[Collected data entries]
##########

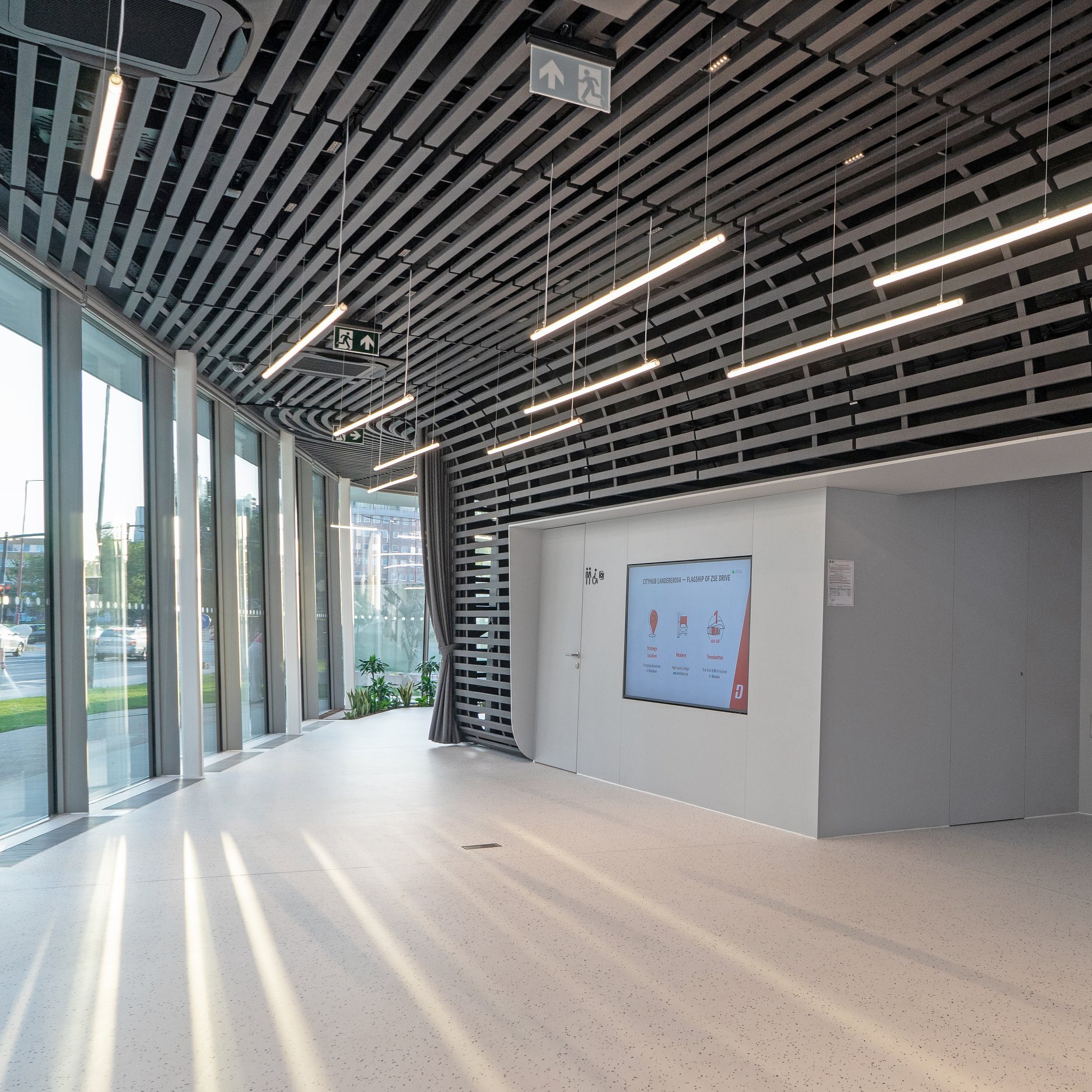 Vnútorným priestorom dominuje lamelový podhľad, ktorý organicky prechádza do stien a zakrýva technologické inštalácie. Tento princíp "prerastania" je analogický s exteriérom budovy.
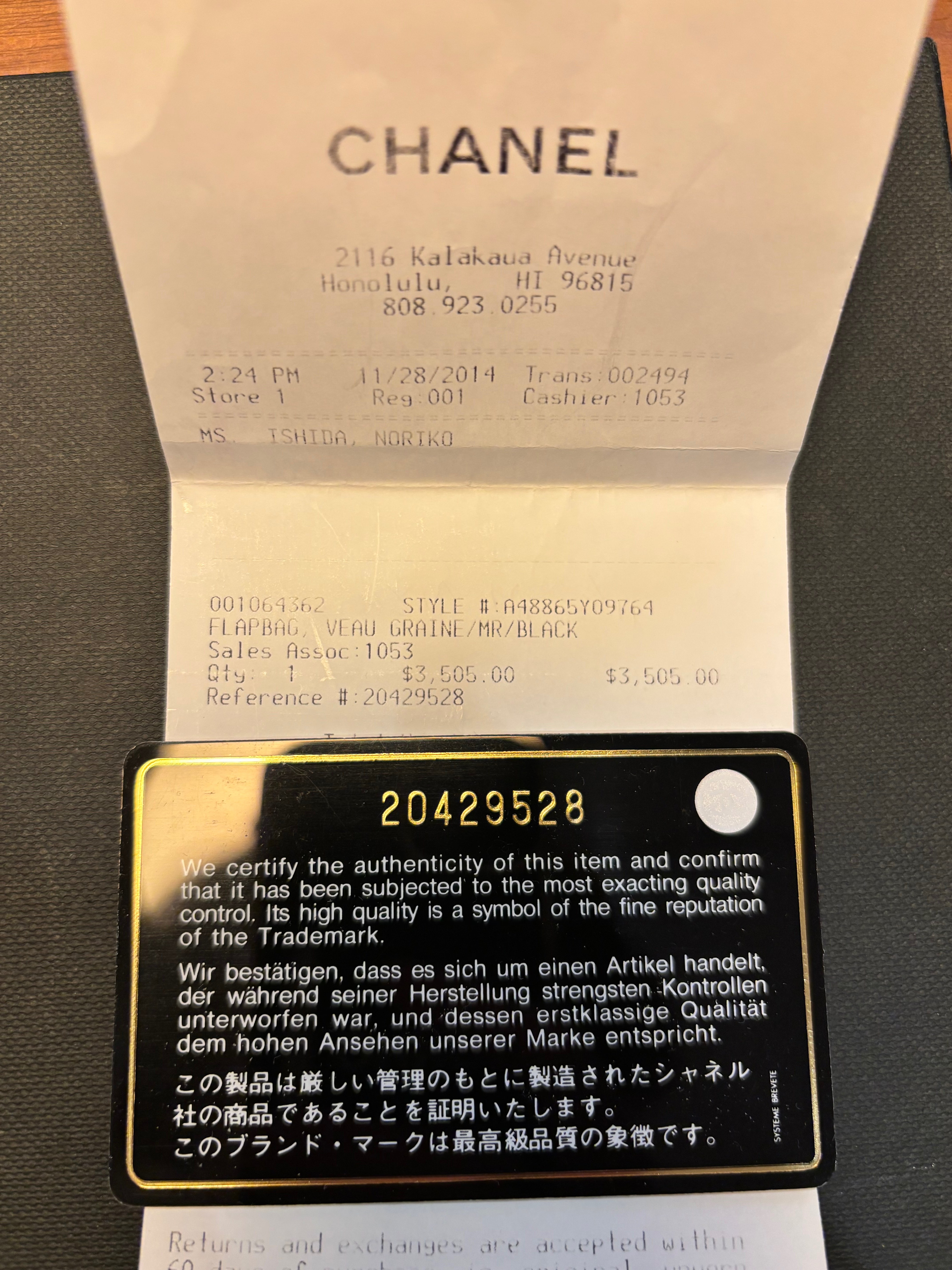 ギャランティーカードあり
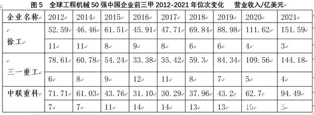筆者選取了2012-2021年中國工程機械企業前三甲在全球工程機械50強排名位次變化情況,如圖5所示,從而能側面反映我國工程機械企業在這10年間的變化。從圖5可以看出,陷入深度調整的5年,徐工2012-2014短暫位居11名,在2015年-2021年穩居10強之列,并在2021年首次躋身全球三甲。中聯重科在2015-2019年無緣前10,但2020、2021年位次大幅提升,從2020年的排名第10躍升5位,2021年位居第5。三一重工在2016、2017年短暫脫離前10,在2018年-2021年位次逐年提升,2021年排名第4名,全球市場占有率7.5%僅比第三名徐工7.9%相差0.4個百分點,但兩者與常年位居排行榜首位的卡特彼勒13%的全球市場占有率相差較大。
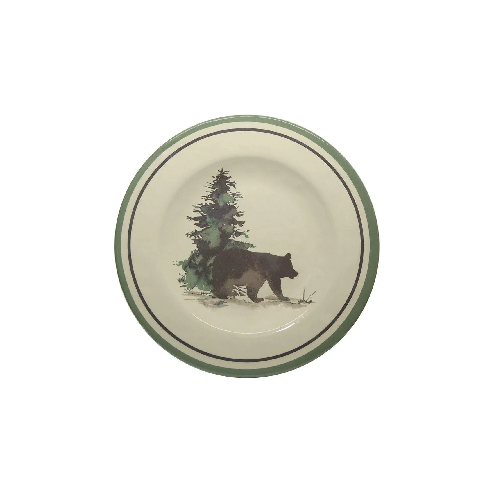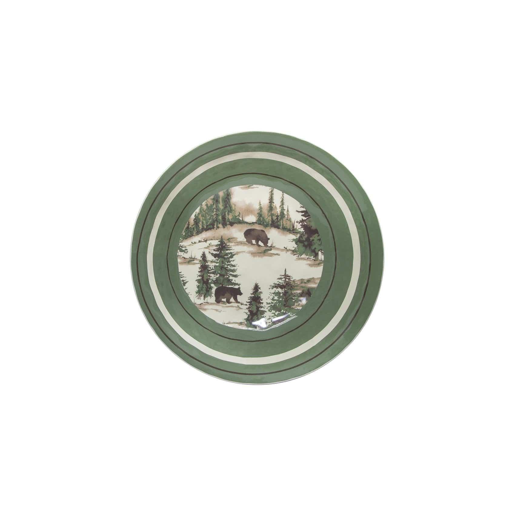 This Joshua Design Melamine 14 Piece Set offers an outdoorsy yet sophisticated appeal. With its nature motifs of flora and fauna alike, the handsome houndstooth accents complement the woodsman aesthetic. The green really pops against the warm undertones in this lodge dinnerware set. The Joshua melamine dinner set is a perfect complement for anyone's lodge or cabin. Imported. Items featured in our collections can be purchased separately.
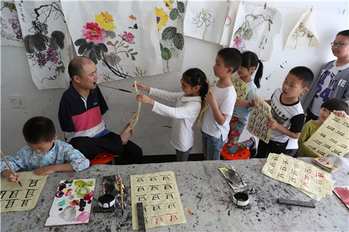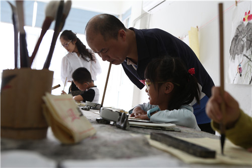 5、归晓峰以口含笔,悉心辅导书画辅导班的孩子练书法。

##########

▶ [Try it]:
With the images omitted, output all entries exactly as given.

▶ [Response to this exercise]:
 Vnútorným priestorom dominuje lamelový podhľad, ktorý organicky prechádza do stien a zakrýva technologické inštalácie. Tento princíp "prerastania" je analogický s exteriérom budovy.
 ギャランティーカードあり
筆者選取了2012-2021年中國工程機械企業前三甲在全球工程機械50強排名位次變化情況,如圖5所示,從而能側面反映我國工程機械企業在這10年間的變化。從圖5可以看出,陷入深度調整的5年,徐工2012-2014短暫位居11名,在2015年-2021年穩居10強之列,并在2021年首次躋身全球三甲。中聯重科在2015-2019年無緣前10,但2020、2021年位次大幅提升,從2020年的排名第10躍升5位,2021年位居第5。三一重工在2016、2017年短暫脫離前10,在2018年-2021年位次逐年提升,2021年排名第4名,全球市場占有率7.5%僅比第三名徐工7.9%相差0.4個百分點,但兩者與常年位居排行榜首位的卡特彼勒13%的全球市場占有率相差較大。
 This Joshua Design Melamine 14 Piece Set offers an outdoorsy yet sophisticated appeal. With its nature motifs of flora and fauna alike, the handsome houndstooth accents complement the woodsman aesthetic. The green really pops against the warm undertones in this lodge dinnerware set. The Joshua melamine dinner set is a perfect complement for anyone's lodge or cabin. Imported. Items featured in our collections can be purchased separately.
 5、归晓峰以口含笔,悉心辅导书画辅导班的孩子练书法。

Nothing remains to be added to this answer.